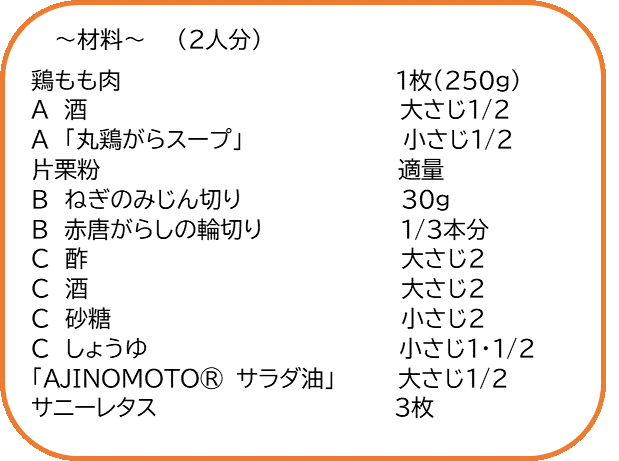 (1)鶏肉は皮目にフォークで数か所穴をあけ、1cm間隔に浅く切り込みを入れる。Aをまぶして10分ほどおき(時間外)、片栗粉をまぶす。
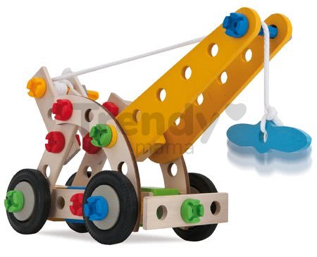 Drevená stavebnica Constructor Mobile Crane od nemeckého výrobcu Eichhorn je nadčasová stavebnica, ktorá je ako stvorená pre všetkých malých konštruktérov už od 3 rokov. Moderná 70-dielna súprava ponúkne deťom možnosť poskladať až 4 modely - žeriav, lietadlo, helikoptéra a bicykel. Hlavné dieliky s precíznymi detailmi sú vyrobené z prvotriedneho bukového dreva, sú prispôsobené pre malé detské rúčky. Chlapci aj dievčatá sa zahrajú na konštruktérov a technikov, pri skladaní si vyskúšajú svoje zručnosti, takisto si rozvíjajú aj logické myslenie a technickú predstavivosť. Multifunkčná stavebnica so 4 variantmi modelov je tou najlepšou zábavou pre deti, ktoré rady objavujú nové herné kombinácie.
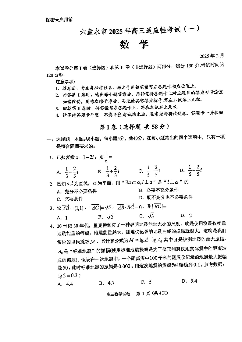 贵州省跨区域联考2024-2025学年下学期高三适应性考试(一)数学
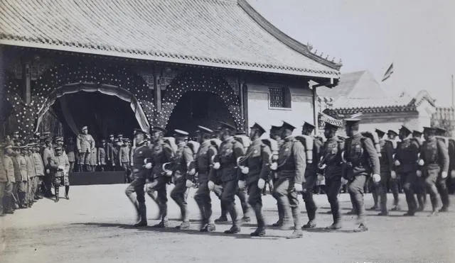 这个高处叫检阅台,台下枪尖排排立,像一排排梭子,台上人把手背在后腰,微微往前探,眼神在队伍里扫,礼帽压得很低,旁边军官在耳边小声嘀咕两句。
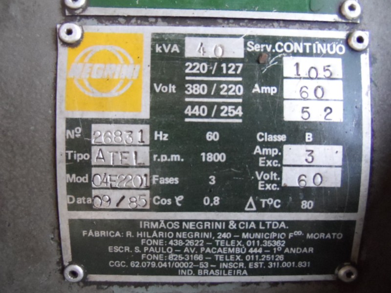 GRUPO GERADORES DE 1000 KVA, 500 KVA, 330 KVA, 375 KVA,100 KVA, 53 KVA e 40 KVA - VISITAÇÃO DIA 17/07/2019 COMPARECER DIRETO: AV. RIO DAS PEDRAS, 4341, (ESQ. AV. ARICANDUVA)
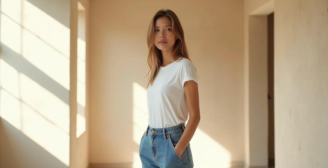 L’équation semble universelle : un jean bien coupé, un t-shirt blanc immaculé. C’est la toile de fond de la garde-robe moderne, une promesse de simplicité et de confort. Pourtant, sur certaines femmes, cet uniforme basique dégage une aura de sophistication déconcertante, une élégance qui semble innée. Sur d’autres, il reste désespérément… ordinaire. D’où vient cette différence ? La réponse conventionnelle, martelée par les magazines, consiste à accumuler des pièces fortes : un sac de créateur, des chaussures spectaculaires, un trench parfaitement ceinturé. Ces conseils, bien que valables, manquent l’essentiel.
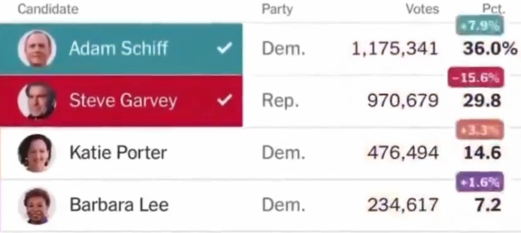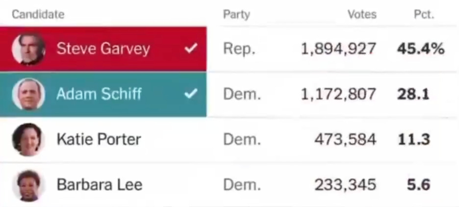 A jungle primary dumps all candidates, regardless of party affiliation, into the race together. Blue states with a weak opposition Republican Party have found jungle primaries as a reliable tool for guaranteeing Democrat vs. Democrat races in General Elections, which has a carry-over effect of depressing Republican turnout for other races that may be more competitive. Genius concept, really, and one that only Democrats have the malice to pull off. Longsuffering California GOPers must have been shocked, then, to find longtime L.A. Dodger hero Steve Garvey, a longshot Senate candidate, polling more than 45% of the vote against his Democrat opponents right up until this happened:
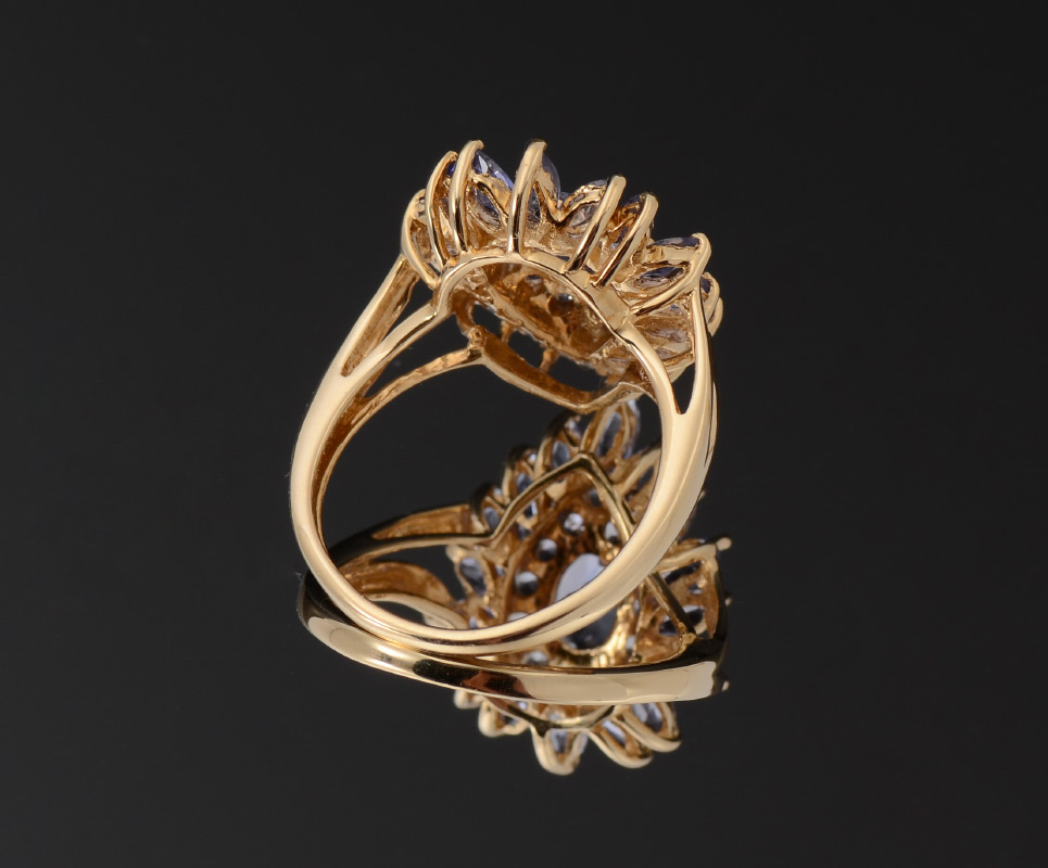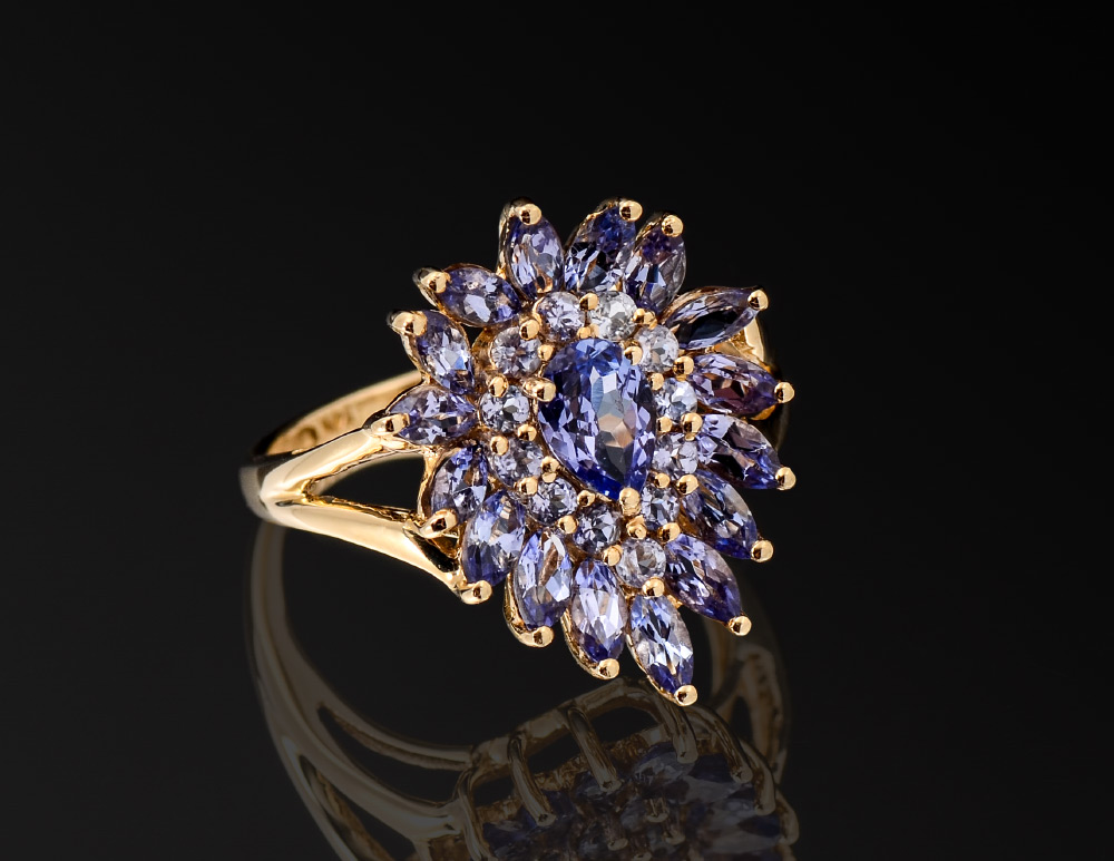 TANZANITE DINNER RING: 14K yellow gold ring contains mixed cut tanzanite totaling approx. 2.50 Ct. The tanzanite is prong set. Weight: 3.5 grams. Size: 6

_ _ _ _

» **EXERCISE BRIEF**
Repeat the data verbatim, excluding all pictures.

» **RESPONSE AREA**
 (1)鶏肉は皮目にフォークで数か所穴をあけ、1cm間隔に浅く切り込みを入れる。Aをまぶして10分ほどおき(時間外)、片栗粉をまぶす。
 Drevená stavebnica Constructor Mobile Crane od nemeckého výrobcu Eichhorn je nadčasová stavebnica, ktorá je ako stvorená pre všetkých malých konštruktérov už od 3 rokov. Moderná 70-dielna súprava ponúkne deťom možnosť poskladať až 4 modely - žeriav, lietadlo, helikoptéra a bicykel. Hlavné dieliky s precíznymi detailmi sú vyrobené z prvotriedneho bukového dreva, sú prispôsobené pre malé detské rúčky. Chlapci aj dievčatá sa zahrajú na konštruktérov a technikov, pri skladaní si vyskúšajú svoje zručnosti, takisto si rozvíjajú aj logické myslenie a technickú predstavivosť. Multifunkčná stavebnica so 4 variantmi modelov je tou najlepšou zábavou pre deti, ktoré rady objavujú nové herné kombinácie.
 贵州省跨区域联考2024-2025学年下学期高三适应性考试(一)数学
 这个高处叫检阅台,台下枪尖排排立,像一排排梭子,台上人把手背在后腰,微微往前探,眼神在队伍里扫,礼帽压得很低,旁边军官在耳边小声嘀咕两句。
 GRUPO GERADORES DE 1000 KVA, 500 KVA, 330 KVA, 375 KVA,100 KVA, 53 KVA e 40 KVA - VISITAÇÃO DIA 17/07/2019 COMPARECER DIRETO: AV. RIO DAS PEDRAS, 4341, (ESQ. AV. ARICANDUVA)
 L’équation semble universelle : un jean bien coupé, un t-shirt blanc immaculé. C’est la toile de fond de la garde-robe moderne, une promesse de simplicité et de confort. Pourtant, sur certaines femmes, cet uniforme basique dégage une aura de sophistication déconcertante, une élégance qui semble innée. Sur d’autres, il reste désespérément… ordinaire. D’où vient cette différence ? La réponse conventionnelle, martelée par les magazines, consiste à accumuler des pièces fortes : un sac de créateur, des chaussures spectaculaires, un trench parfaitement ceinturé. Ces conseils, bien que valables, manquent l’essentiel.
 A jungle primary dumps all candidates, regardless of party affiliation, into the race together. Blue states with a weak opposition Republican Party have found jungle primaries as a reliable tool for guaranteeing Democrat vs. Democrat races in General Elections, which has a carry-over effect of depressing Republican turnout for other races that may be more competitive. Genius concept, really, and one that only Democrats have the malice to pull off. Longsuffering California GOPers must have been shocked, then, to find longtime L.A. Dodger hero Steve Garvey, a longshot Senate candidate, polling more than 45% of the vote against his Democrat opponents right up until this happened:
 TANZANITE DINNER RING: 14K yellow gold ring contains mixed cut tanzanite totaling approx. 2.50 Ct. The tanzanite is prong set. Weight: 3.5 grams. Size: 6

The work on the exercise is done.